PROBLEM STATEMENT
Copy every record exactly, and keep the pictures out.

Data excerpts

^^^^^^^^^^^^^^^^

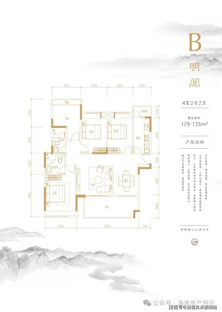 【B户型】建筑面积约129-135平米,4室2厅2卫
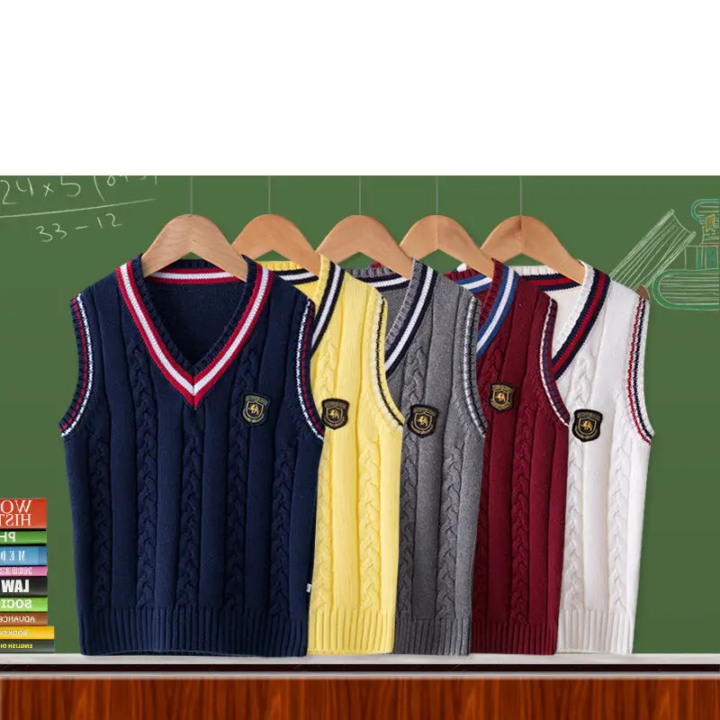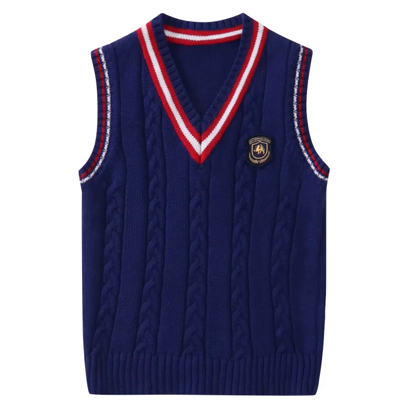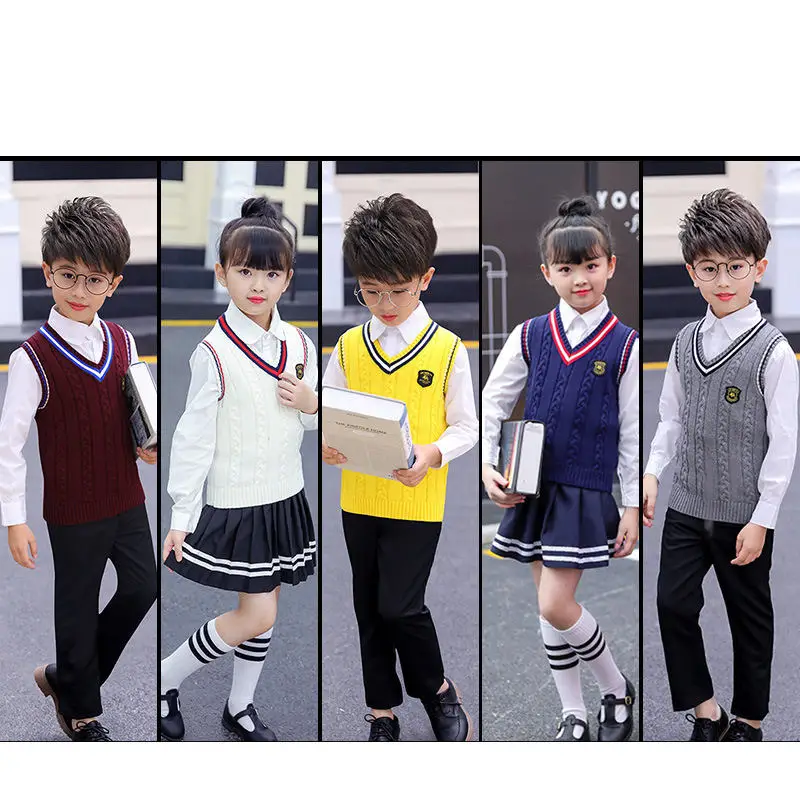 Трикотажный жилет в стиле преппи для мальчиков, осенне-зимние однотонные свитера с V-образным вырезом, детский вязаный жилет, школьная форма без рукавов для девочек
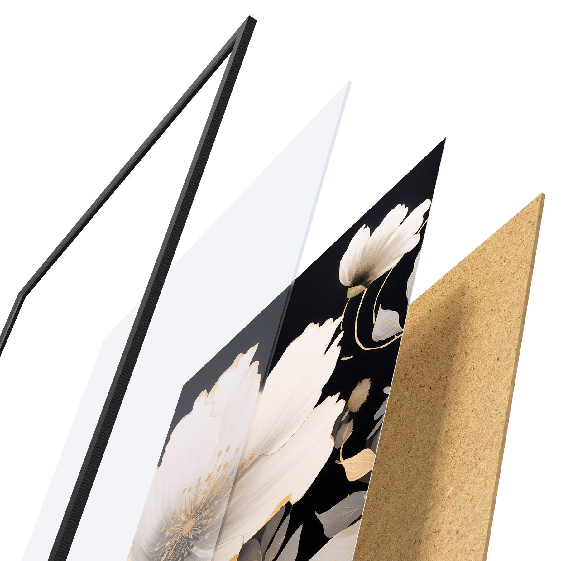 A poszter keretből, plexiből, nyomtatott képből és forgácslap hátlapból áll. A poszter a hátoldalon található rögzítőknek köszönhetően azonnal felakasztható a falra.
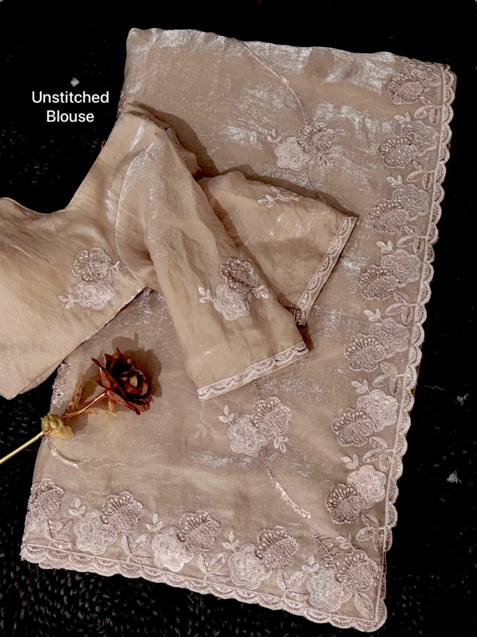 *A perfect partywear beauty, Grace meets glamour in this ethereal dusty beige colored saree adorned with exquisite beads embroidery with sequins work. Perfect for any celebration.*
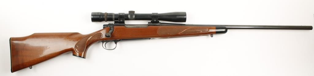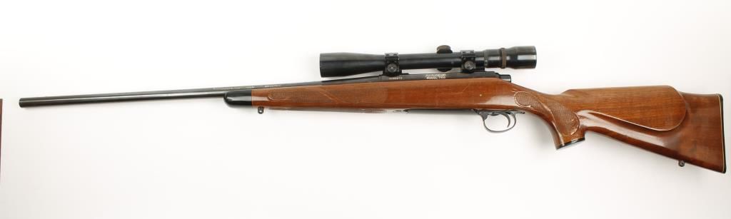 Bolt action sporting rifle with 24" barrel. Blued finish, checkered Monte Carlo walnut stock, hinged floorplate, front and rear sight have been removed and fitted with older Weaver 3-9X scope. Good bore and action. Condition: Good showing light corrosion on bolt handle and moderate use.
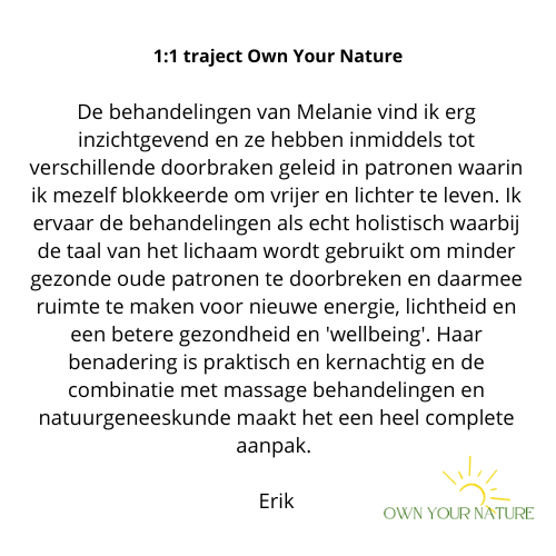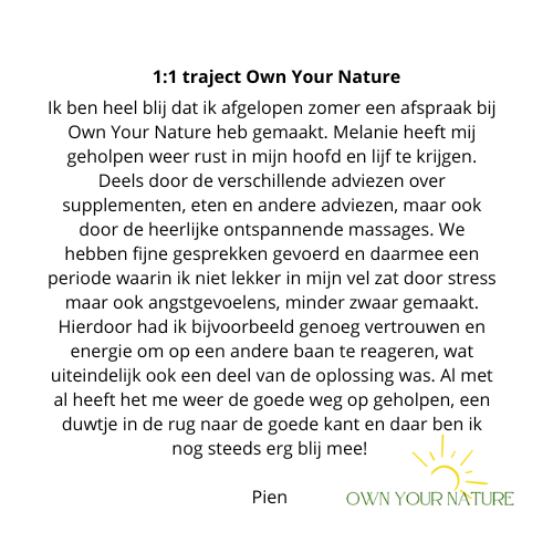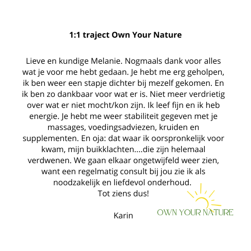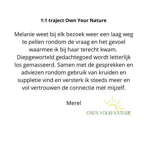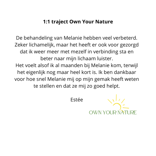 Je kunt 1 op 1 aan de slag met jou natuurgeneeskundig traject en leren hoe je kunt samenwerken met je lichaam
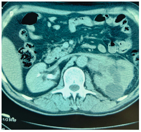 - Iwashita, Y.; Negi, S.; Iwashita, Y.; Higashiura, M.; Shigi, Y.; Yamanaka, S.; Ohya, M.; Mima, T.; Shigematsu, T. Severe refractory infection due to renocolic fistula in a patient with a giant kidney and ADPKD undergoing long-term hemodialysis. CEN Case Rep. 2018, 7, 174–177. [Google Scholar] [CrossRef] [PubMed]
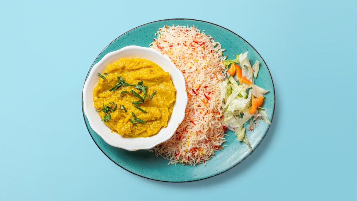 Basmati-Reis mit Lammfleisch und Saisongemüse nach traditioneller Art gewürzt

^^^^^^^^^^^^^^^^

SOLVED EXERCISE
 【B户型】建筑面积约129-135平米,4室2厅2卫
 Трикотажный жилет в стиле преппи для мальчиков, осенне-зимние однотонные свитера с V-образным вырезом, детский вязаный жилет, школьная форма без рукавов для девочек
 A poszter keretből, plexiből, nyomtatott képből és forgácslap hátlapból áll. A poszter a hátoldalon található rögzítőknek köszönhetően azonnal felakasztható a falra.
 *A perfect partywear beauty, Grace meets glamour in this ethereal dusty beige colored saree adorned with exquisite beads embroidery with sequins work. Perfect for any celebration.*
 Bolt action sporting rifle with 24" barrel. Blued finish, checkered Monte Carlo walnut stock, hinged floorplate, front and rear sight have been removed and fitted with older Weaver 3-9X scope. Good bore and action. Condition: Good showing light corrosion on bolt handle and moderate use.
 Je kunt 1 op 1 aan de slag met jou natuurgeneeskundig traject en leren hoe je kunt samenwerken met je lichaam
 - Iwashita, Y.; Negi, S.; Iwashita, Y.; Higashiura, M.; Shigi, Y.; Yamanaka, S.; Ohya, M.; Mima, T.; Shigematsu, T. Severe refractory infection due to renocolic fistula in a patient with a giant kidney and ADPKD undergoing long-term hemodialysis. CEN Case Rep. 2018, 7, 174–177. [Google Scholar] [CrossRef] [PubMed]
 Basmati-Reis mit Lammfleisch und Saisongemüse nach traditioneller Art gewürzt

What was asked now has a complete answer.